Ramachandran Plot of the cytidylate kinase (Mycobacterium tuberculosis) by PROCHECK

The physiochemical properties videlicet, theoretical isoelectric point (Ip), molecular weight, total number of positive and negative residues, extinnction coefficient, instability index, aliphatic index, grand average hydropathy (GRAVY) were calculated using the Expasy's ProtParam tool in Table 2 (see supplementary material). The calculated pI value for cytidylate kinase indicated their acidic nature. The computed pI will be helpful for developing buffer system for purification by isoelectric focusing method. An extinction coefficient value for the cytidylate kinase protein at 280 nm is 5960 M-1cm-1. On the basis of instability index, protein is unstable due to instability index is greater than 40. The aliphatic index (AI) which is defined as the relative volume of a protein occupied by aliphatic side chain is regarded as the positive factor for the increase of thermal stability of the protein.

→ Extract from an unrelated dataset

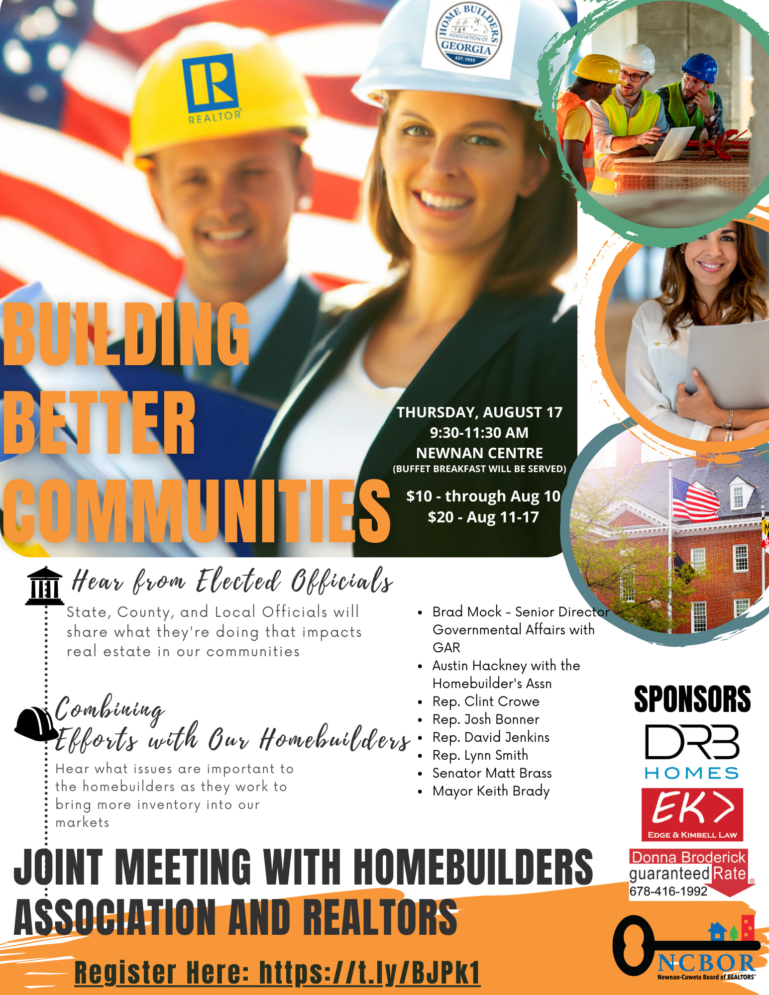 State, County, and Local Officials will share what they're doing that impacts real estate in our communities. Hear what issues are important to the homebuilders as they work to bring more inventory into our markets

The very high aliphatic index of cytidylate kinase protein which indicates that protein may be stable for a wide range of temperature. The GRAVY index of protein which indicate no interaction with water because protein has positive score.

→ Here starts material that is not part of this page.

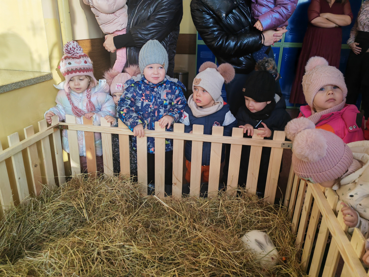 Dzieci odwiedziły Szkołę Podstawową w Promniku, gdzie miały okazję obejrzeć króliki rasy angora. Z dużym zainteresowaniem obserwowały mamę oraz trzy małe, białe króliczki. Zwierzęta wzbudziły wśród dzieci zachwyt i radość. Podczas wizyty dzieci poznały wygląd królików oraz dowiedziały się, jak wyglądają i czym się charakteryzują te zwierzęta. Spotkanie było dla dzieci ciekawym i wartościowym doświadczeniem.

The results of primary analysis suggest that the Mycobacterium tuberculosis cytidylate kinase under study was hydrophobic in nature. As percentage of Cysteine (C) is very low in cytidylate kinase under study, it have not disulphide bond linkages indicated by CYS_REC (Cys_81, score = -2.2). The extensive hydrogen bonding may provide stability to this protein in absence of disulphide bonds. Cytidylate kinase have high percentage of alanine (A), leucine (L), glutamic acid (E). As these amino acids have high-helical forming propensities, alpha helix and beeta strands are dominant in that protein. Ten alphahelices surround the beta-ribbon structure. The helical region are composed of the residue 19-30, 38-51, 58-66, 89-91, 95-105, 109-120, 134-138, 153-167, 173-189 and 211-225. The seven betaribbon are composed residues 7-12, 33-37, 69-75, 78-84, 127-132, 145-150 and 202-206. In (Figure 4), it shows a schematic drawing of the MtCMPK consist of 230 amino acid with a predicted molecular mass of 24,177.29 Da and a theoretical pI value of 5.05.

Figure 4

Predicted protein structure of cytidylate kinase (Mycobacterium tuberculosis)

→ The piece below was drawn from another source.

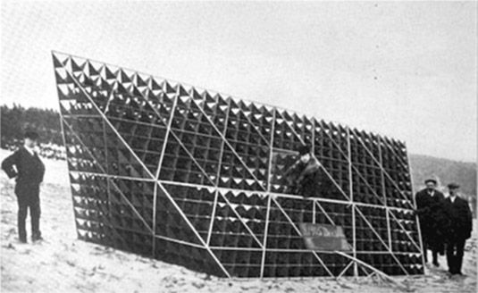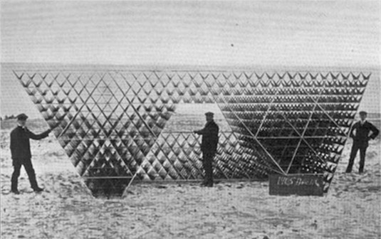I'm always fascinated to see grainy black-and-white pictures of the most crisp, high tech structures. I can't decide which is out of place, the suited and hatted gentlemen or this lightweight hut.

Submission of modeled proteins in PMDB:

The modeled structure of cytidylate kinase from Mycobacterium tuberculosis successfully deposit in Protein Model Database (PMDB). The submitted structure of protein is PMDB ID: PM0079121.

Conclusion

In this study, we have constructed a 3-D model of cytidylate kinase from Mycobacterium tuberculosis, using the comparative modeling approach. Different parameters such as isoelectric point, molecular weight, total number of positive and negative residue, extinction coefficient, instability index, aliphatic index and grand average hydropathy (GRAVY) were computed for this protein in order to determine their physiochemical characteristics. In cytidylate kinase was found very low percentage in amino acid cysteine, and therefore lack presence of Disulphide Bridge as also inferred from analysis of cys_res result. In the absent of disulphide bond, extensive hydrogen bonding is believed to be responsible for stability of the protein. Polarity studies using CLC protein work bench tool confirmed cytidylate kinase to be hydrophobic in nature. Secondary structure analysis predicts alpha-helices are dominant in the protein. The modeled structure can be accessed through protein modeled database PMDB via there PMID. This structure will serve as a cornerstone for functional analysis through experimentally derived crystal structure.